### Exercise goal
Below are the records; extract from them the line containing "Vytápění zajišťuje plynové" to the line containing "Thông tin sản", both lines included, exactly and with no pictures.

### Material for this exercise
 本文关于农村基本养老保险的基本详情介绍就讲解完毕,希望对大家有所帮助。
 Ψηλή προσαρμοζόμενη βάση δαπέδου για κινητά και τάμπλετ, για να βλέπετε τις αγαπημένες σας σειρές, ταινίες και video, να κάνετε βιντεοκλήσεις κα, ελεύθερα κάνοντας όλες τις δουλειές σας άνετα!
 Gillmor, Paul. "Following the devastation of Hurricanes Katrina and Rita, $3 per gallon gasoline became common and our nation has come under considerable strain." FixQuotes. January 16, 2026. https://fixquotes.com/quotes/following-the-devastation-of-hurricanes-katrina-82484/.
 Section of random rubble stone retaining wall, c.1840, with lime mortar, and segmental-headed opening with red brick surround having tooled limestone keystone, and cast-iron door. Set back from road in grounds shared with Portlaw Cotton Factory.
---
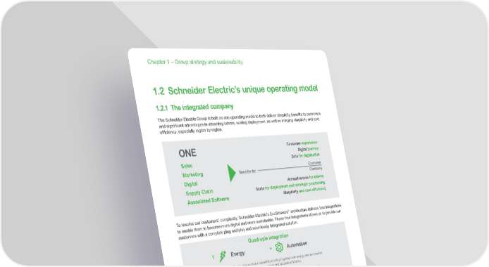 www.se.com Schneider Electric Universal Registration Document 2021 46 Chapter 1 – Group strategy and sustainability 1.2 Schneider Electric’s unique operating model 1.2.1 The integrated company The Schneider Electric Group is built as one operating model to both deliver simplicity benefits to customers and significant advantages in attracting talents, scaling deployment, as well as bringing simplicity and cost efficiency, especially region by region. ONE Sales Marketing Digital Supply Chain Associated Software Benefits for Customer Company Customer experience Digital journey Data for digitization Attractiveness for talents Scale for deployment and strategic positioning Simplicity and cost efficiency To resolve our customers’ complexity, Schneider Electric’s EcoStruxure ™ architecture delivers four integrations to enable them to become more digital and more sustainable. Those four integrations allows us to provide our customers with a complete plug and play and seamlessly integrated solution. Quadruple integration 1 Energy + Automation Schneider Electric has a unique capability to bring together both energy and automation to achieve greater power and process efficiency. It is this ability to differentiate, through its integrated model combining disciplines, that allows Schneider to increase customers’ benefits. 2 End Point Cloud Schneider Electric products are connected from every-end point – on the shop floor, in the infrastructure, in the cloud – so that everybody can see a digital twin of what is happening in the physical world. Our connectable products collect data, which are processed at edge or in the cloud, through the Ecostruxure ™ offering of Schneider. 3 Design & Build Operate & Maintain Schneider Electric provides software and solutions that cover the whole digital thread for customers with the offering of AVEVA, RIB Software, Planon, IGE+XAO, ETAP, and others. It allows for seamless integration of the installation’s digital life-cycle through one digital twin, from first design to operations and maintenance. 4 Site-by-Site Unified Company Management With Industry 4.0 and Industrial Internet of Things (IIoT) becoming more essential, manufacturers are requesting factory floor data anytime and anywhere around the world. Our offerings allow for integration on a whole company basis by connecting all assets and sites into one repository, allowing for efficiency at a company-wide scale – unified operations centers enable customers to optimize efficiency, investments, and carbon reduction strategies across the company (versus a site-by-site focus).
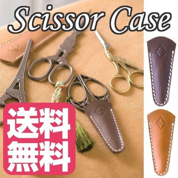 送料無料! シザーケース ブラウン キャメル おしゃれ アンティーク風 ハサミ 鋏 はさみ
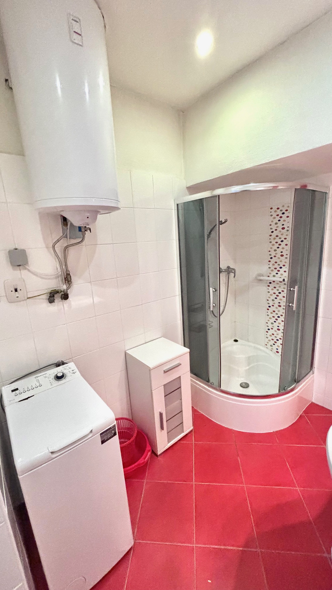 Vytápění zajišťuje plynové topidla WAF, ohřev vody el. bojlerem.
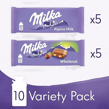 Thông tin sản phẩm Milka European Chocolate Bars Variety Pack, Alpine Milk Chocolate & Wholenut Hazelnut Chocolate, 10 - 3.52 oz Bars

### Exercise result
 Vytápění zajišťuje plynové topidla WAF, ohřev vody el. bojlerem.
 Thông tin sản phẩm Milka European Chocolate Bars Variety Pack, Alpine Milk Chocolate & Wholenut Hazelnut Chocolate, 10 - 3.52 oz Bars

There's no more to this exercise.